> _Work order_: Your output should consist solely of the lines from the one holding "为进一步提高青少年儿童防溺水" to the end of the records below, inclusive, reproduced exactly and free of pictures.

_ _ _ _

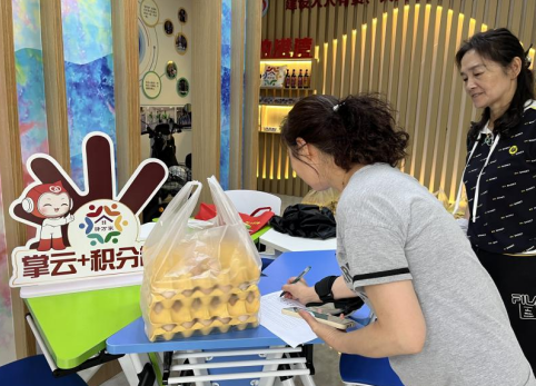 活動當天,前來兌換的居民憑著掌上云平臺線上商城的兌換訂單,排著隊有序兌換,時不時還相互交流自己上個月的“賺分技巧”。“積分不太夠,這次只能換50個雞蛋,下個月我要多參與志愿活動,攢攢積分。”志愿者杜阿姨說道。積分換來的不只是看得見的實惠,更是一種發(fā)自內(nèi)心的參與感。
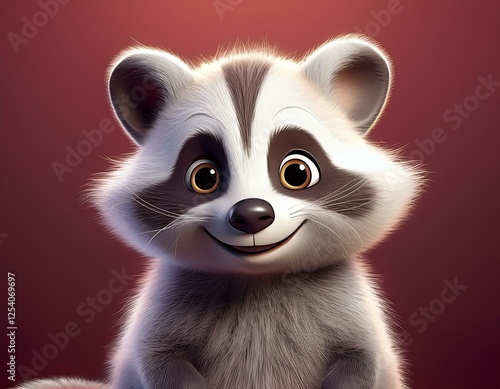 Fototapeta premium Niedlicher Waschbär, bordeaux Hintergrund
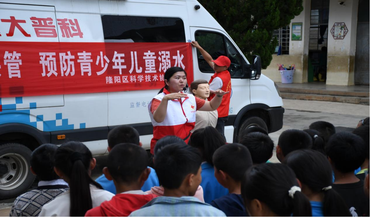 为进一步提高青少年儿童防溺水能力,7月5日,隆阳区红十字会联合区科学技术协会共同走进西邑乡铺门前小学,开展“全社会齐抓共管,预防青少年儿童溺水”之关爱儿童科学普及志愿服务活动。
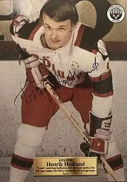 Karl Torsten Henric "Tosse" Hedlund (born 7 April 1945)[1] is a retired Swedish professional ice hockey player. He played for Skellefteå AIK and Västra Frölunda IF. He also competed in the 1968 Winter Olympics, where he scored three goals and two assists.[1][2]
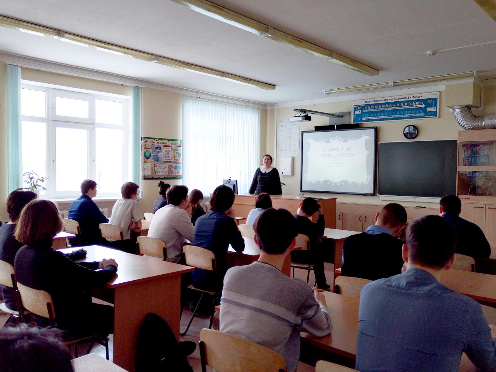Ко Дню российской науки, Году семьи и 190-летию великого русского ученого Дмитрия Ивановича Менделеева были приурочены лекции "Семья Д. И. Менделеева". 7 февраля в десятых классах средней школы № 5 г. Ханты-Мансийска познавательные занятия провела сотрудник ГХМ Югры, заведующая филиалом «Дом-музей народного художника СССР В. А. Игошева» Надежда Сухорукова.
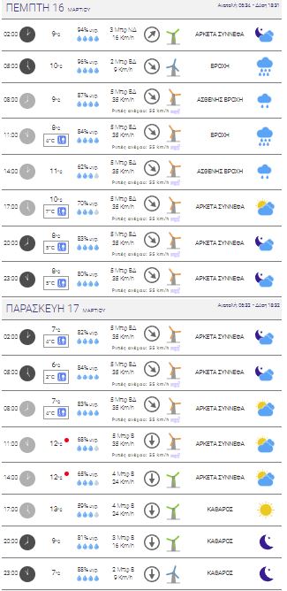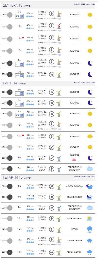 Την Τετάρτη και την Πέμπτη ωστόσο το meteo.gr, προβλέπει για την περιοχή συννεφιά και ασθενείς βροχοπτώσεις κυρίως πρωινές και απογευματινές ώρες.
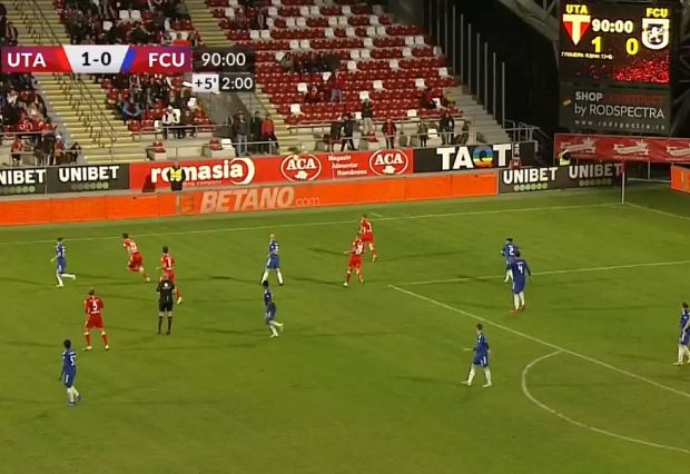 Az aradiak egy szerencsés góllal szereztek vezetést a 13. percben: Dangubic lövésénél az oltyán védelem megpróbált felszabadítani, de Negru – a vendégek szempontjából – oly szerencsétlenül találta el a labdát, hogy az Rogerről a craiovai kapuba pattant.

_ _ _ _

> _Answer space_:
 为进一步提高青少年儿童防溺水能力,7月5日,隆阳区红十字会联合区科学技术协会共同走进西邑乡铺门前小学,开展“全社会齐抓共管,预防青少年儿童溺水”之关爱儿童科学普及志愿服务活动。
 Karl Torsten Henric "Tosse" Hedlund (born 7 April 1945)[1] is a retired Swedish professional ice hockey player. He played for Skellefteå AIK and Västra Frölunda IF. He also competed in the 1968 Winter Olympics, where he scored three goals and two assists.[1][2]
Ко Дню российской науки, Году семьи и 190-летию великого русского ученого Дмитрия Ивановича Менделеева были приурочены лекции "Семья Д. И. Менделеева". 7 февраля в десятых классах средней школы № 5 г. Ханты-Мансийска познавательные занятия провела сотрудник ГХМ Югры, заведующая филиалом «Дом-музей народного художника СССР В. А. Игошева» Надежда Сухорукова.
 Την Τετάρτη και την Πέμπτη ωστόσο το meteo.gr, προβλέπει για την περιοχή συννεφιά και ασθενείς βροχοπτώσεις κυρίως πρωινές και απογευματινές ώρες.
 Az aradiak egy szerencsés góllal szereztek vezetést a 13. percben: Dangubic lövésénél az oltyán védelem megpróbált felszabadítani, de Negru – a vendégek szempontjából – oly szerencsétlenül találta el a labdát, hogy az Rogerről a craiovai kapuba pattant.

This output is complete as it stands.